Hollywood moguls and the vast majority of leftist entertainers have joined forces in a last-ditch effort to bully wavering Democratic lawmakers into backing President Obama’s fast-track authority for the Trans-Pacific Partnership (TPP) as the centerpiece of what he calls his “pro-trade agenda.”
TPP is so controversial that the Administration has refused to show anyone the document. But what it does do is “trade” the right for U.S. entertainment interests to gain lucrative enhanced-copyright protections with 12 nations, in exchange for the elimination of all tariffs that punish unfair business practices.

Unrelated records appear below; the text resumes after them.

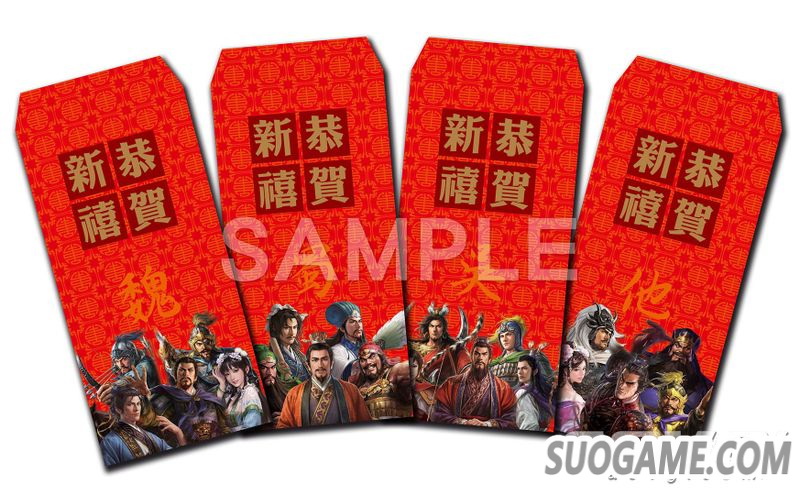 历史仿真游戏「三国志 」系列最新作『14』 (Windows?/ PlayStation?4)将于北京时间 2020 年 1 月 16 日(四)发售,因应即将到来的农历新年,这次特别为购买首批实 体版的玩家们准备各势力红包袋,红包袋上除了有了曹操、刘备、孙权、吕布外, 更搭配其知名武将,精心设计值得玩家收藏,就让『三国志 14』陪着大家过好年!
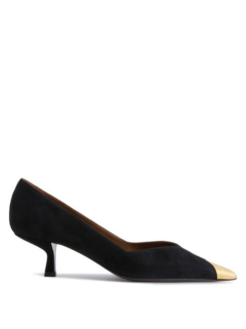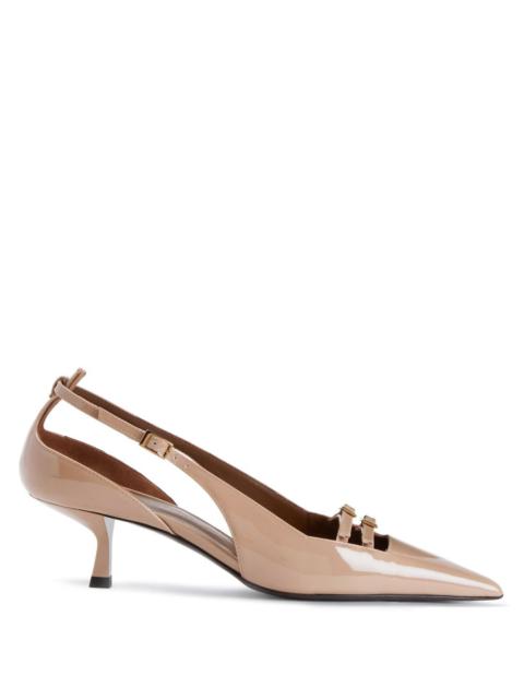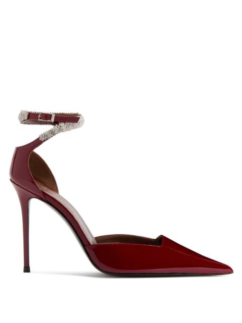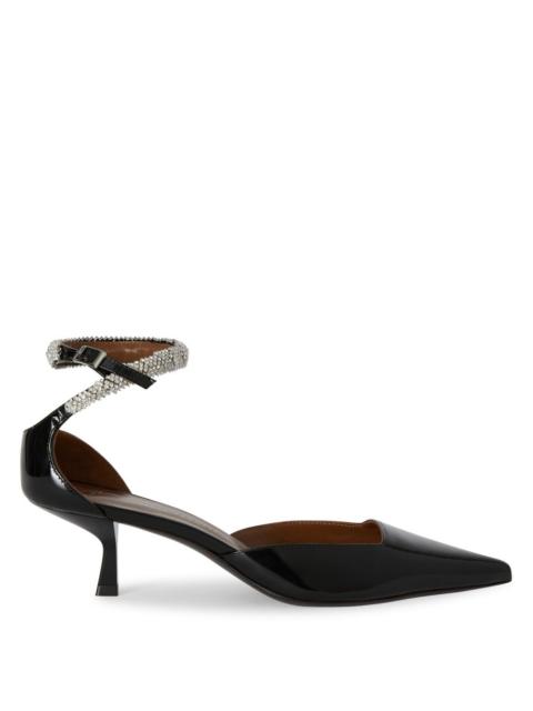 Product Details Pointed open-toe pumps in patent leather with metal toe detail, set square and baguette rhinestones, and stiletto heel. - Upper: 100% patent calfskin - Lining: goatskin - Insole: goatskin - Sole: leather - Heel height: 105mm ORIGIN: ITALY COLOR: BLACK
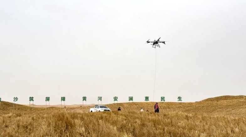 騰格里沙漠飛播作業(yè)區(qū),一架架無人機(jī)掠過沙丘。技術(shù)人員將沙生植物種子裹上特制的營養(yǎng)保水材料,再裝入無人機(jī)播種倉。這層“外衣”不僅能提供萌發(fā)所需養(yǎng)分,還能在干旱條件下鎖住水分。
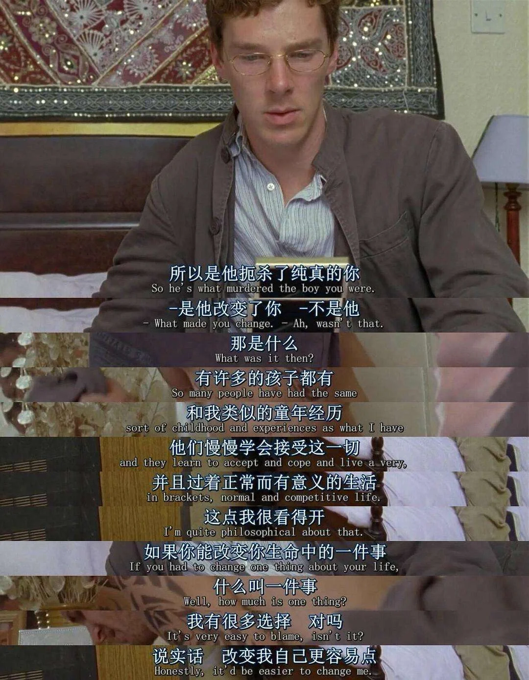 导演:戴维·阿特伍德 主演:本尼迪克特·康伯巴奇(卷福)丨汤姆·哈迪 —— ✨斯图尔特是真实存在的人物,他出生于1968年,死于2002年。 - ✨可怜的斯图尔特,从小到大经历了各种艰难的生活,生命临近终了,才有幸遇到了一个真心朋友。 - ✨别人对他人生造成的伤害,引来了恶魔,却要他去承受这种痛苦,这太残忍,太不公平。更难得的是,他始终真诚待人,坦诚待己。 - ✨斯图尔特不只是他一个人,每一个孩子的成长都不可疏忽,从小到大遇到的每一个人都可能改变他们的人生。
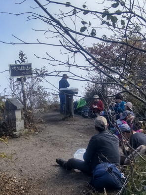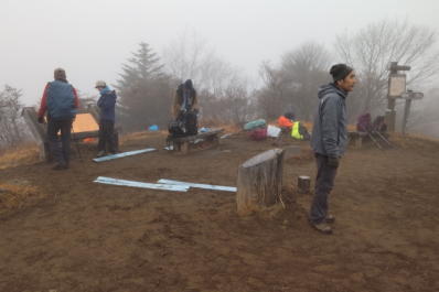 頂上では大きく見られるはずの富士山も全くだめで残念無念。昼食・集合写真の後、下山開始。
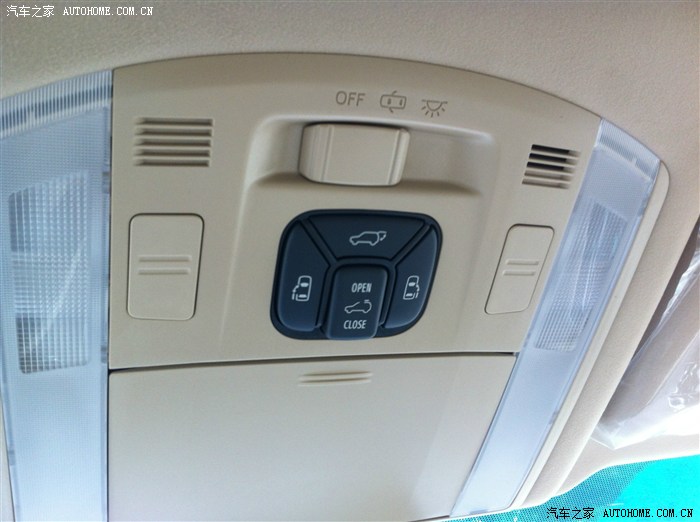 后排独立空调,前面那个方格区域不知道怎么打开,我看宣传册上写的配置是DVD显示屏,问4S销售,他说往上一推就开,我推半天,差点推成敞篷的,也没推开。宣传册上说是电动折叠的,用户手册上没有这个地方的介绍,纳闷了,有明白的大侠帮小弟解答一下,肿么回事?是没给我配置?还是选配的,还是。。。。
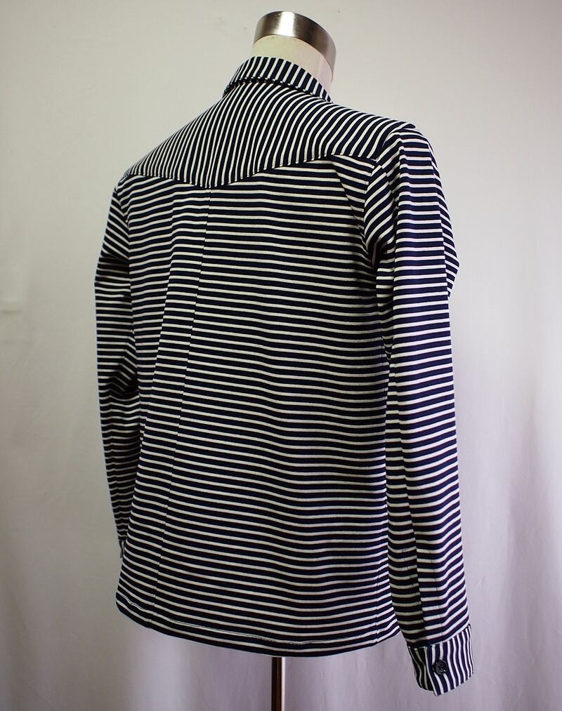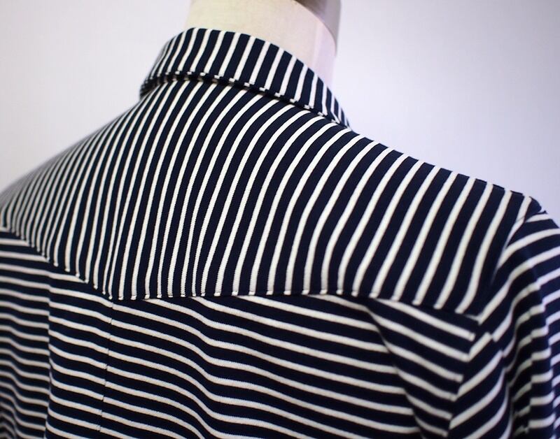 ボーダー柄を縦横に使い分けたウエスタンヨークが際立ち、身幅、袖幅ともに程よいゆとりでスッキリとしたシルエット

Two weeks ago, former Senator Christopher J. Dodd, who now heads the Motion Picture Association of America, wrote to his members to explain that TPP is a pro-trade measure that will be a “driver for a stronger middle class.” Dodd claims the still-secret TPP would not only end tariffs, but would also reduce non-tariff trade barriers against the “free movement” of intangible services, investments, public projects and intellectual property.
This week, Dodd followed up by enlisting six former Democratic National Committee chairs to urge Democrats to support handing Obama fast-track trade-promotion authority that would ban any amendments and limit Congress to only 90 days of review and 20 hours of debate before being required to make an up-or-down vote.
Wikileaks disclosed in October that the still secret Trans-Pacific Partnership is 77-pages long, contains 30,000 words and involves 40 percent of the world’s economy. But only five of the 29 chapters contain provisions that are directly related to trade. The other two dozen chapters amount to a “partnership” for corporate protectionism. They create sweeping new “rights” and escape hatches to protect multinational corporations from government accountability.
Despite the secrecy from the public surrounding the TPP negotiations, Wikileaks described how executives of selective “cashed-up megacorps” that are dominating the wording of the trade deal are bestowing upon themselves extraordinarily favorable protections for digital rights, pharmaceuticals and patents.
“If you read, write, publish, think, listen, dance, sing or invent; if you farm or consume food; if you’re ill now or might one day be ill, the TPP has you in its crosshairs,” according to WikiLeaks.
Egregious TPP provisions drafted for the entertainment industry would extend international copyright “protections” beyond the current standard of the author’s “life-plus-50-years” to 120 years. The treaty also undermines the “formalities” of registering copyrights by granting “unpublished works” protections.
When the World Trade Organization (WTO) treaty was passed in 1995 under fast-track, Congress was only allowed 90 days to review the bill’s 60 separate sections and tens of thousands of pages, before making an up-or-down vote after only 20 hours of debate and no right to introduce amendments. Despite being at least as complex as Obamacare, few members of Congress read the treaty or had the expertise to understand the breadth of its true intentions.